Content area
Full Text
The VALUE reliability study was developed to gather data on the usability and transferability of rubrics both within and across institutions. This study was also designed to address the degree of reliability and consensus in scoring across faculty from different disciplinary backgrounds. Reliability data were gathered and analyzed for three of the fifteen existing VALUE rubrics - critical thinking, integrative learning, and civic engagement.
The effectiveness of assessment instruments is commonly evaluated by the degree to which validity and reliability can be established. Instruments should, therefore, both accurately capture the intended outcome (validity) and be able to do so consistently (reliability). Because validity is often harder to establish than reliability, it is preferable for assessments to contain multiple forms of validity. In important ways the rubric development process itself provided the VALUE rubrics with substantial degrees of two types of validity. First, because the VALUE rubrics were created nationally by teams of faculty, those people closest to student learning and outcomes assessment on campuses, the rubrics hold a high degree of face validity. The face validity of the rubrics is apparent in the scale of interest and circulation of the rubrics to date, as evidenced by the approximately eleven thousand people from over three thousand institutions and organizations, international and domestic, who have logged in on the AAC&U VALUE web page (http://www.aacu.org/value/index.cfm) to access the rubrics.
Second, the specific employment of faculty experts in particular outcome areas to populate the development teams provides the rubrics with additional content validity. Experts are commonly used to establish content validity to verify that "the measure covers the full range of the concepts meaning" (Chambliss and Schutt 2003, 69).

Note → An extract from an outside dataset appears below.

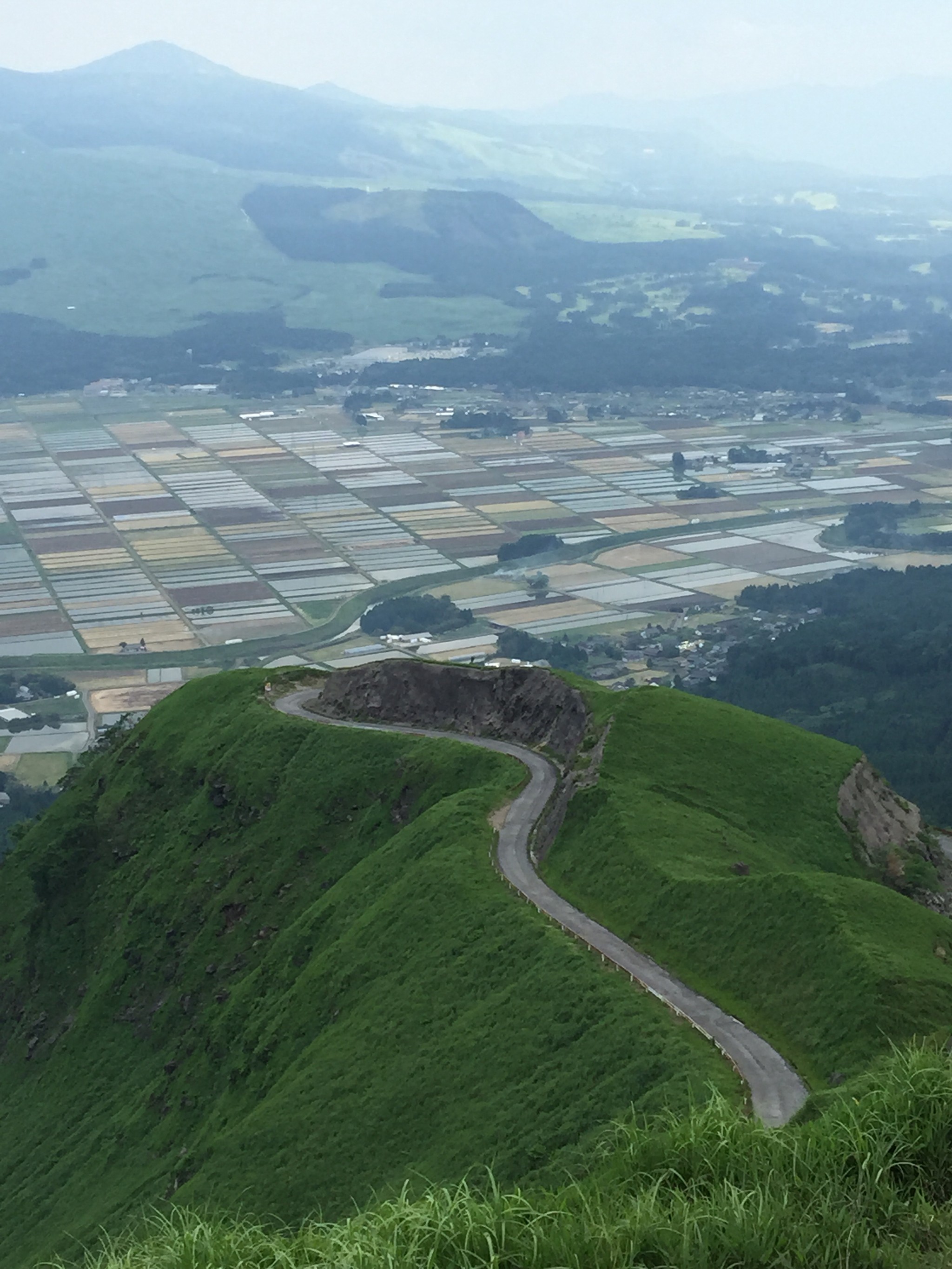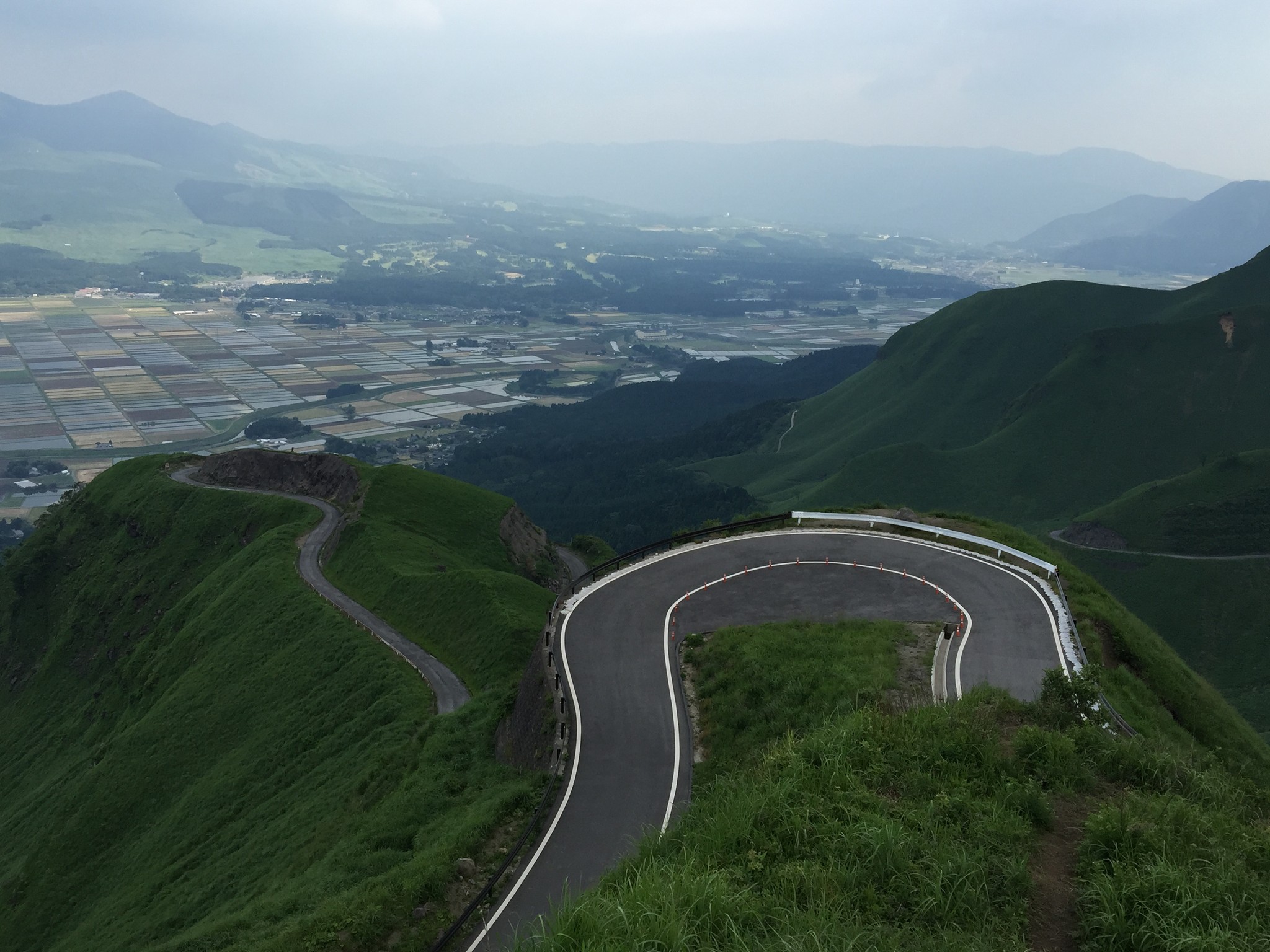 天空之道(ラピュタの道)位於大家熟悉的阿蘇火山的西北側,熊本県阿蘇市的外輪山,應該是沒有大眾運輸工具可到達,自駕應該是最佳的選項。這條路狹窄急彎再加上落石不斷,下雨或是大雨過後或是有落石道路將會封閉。我們去的這天雖然無風無雨,整條路還是封閉的。

The objectives for establishing national reliability estimates for the VALUE rubrics were two-fold. One, because the rubrics were created nationally and interdisciplinarily we sought to emulate this procedure in order to establish a cross- disciplinary reliability score for each rubric. Two, we also sought to establish reliability scores within disciplines to examine the range of similarities and differences across faculty from different disciplinary backgrounds.
METHODS
Forty- four faculty members were recruited to participate in the study. Faculty members were evenly distributed across four broad disciplinary areas: humanities, natural sciences, social sciences, and professional and applied sciences. Each faculty member scored...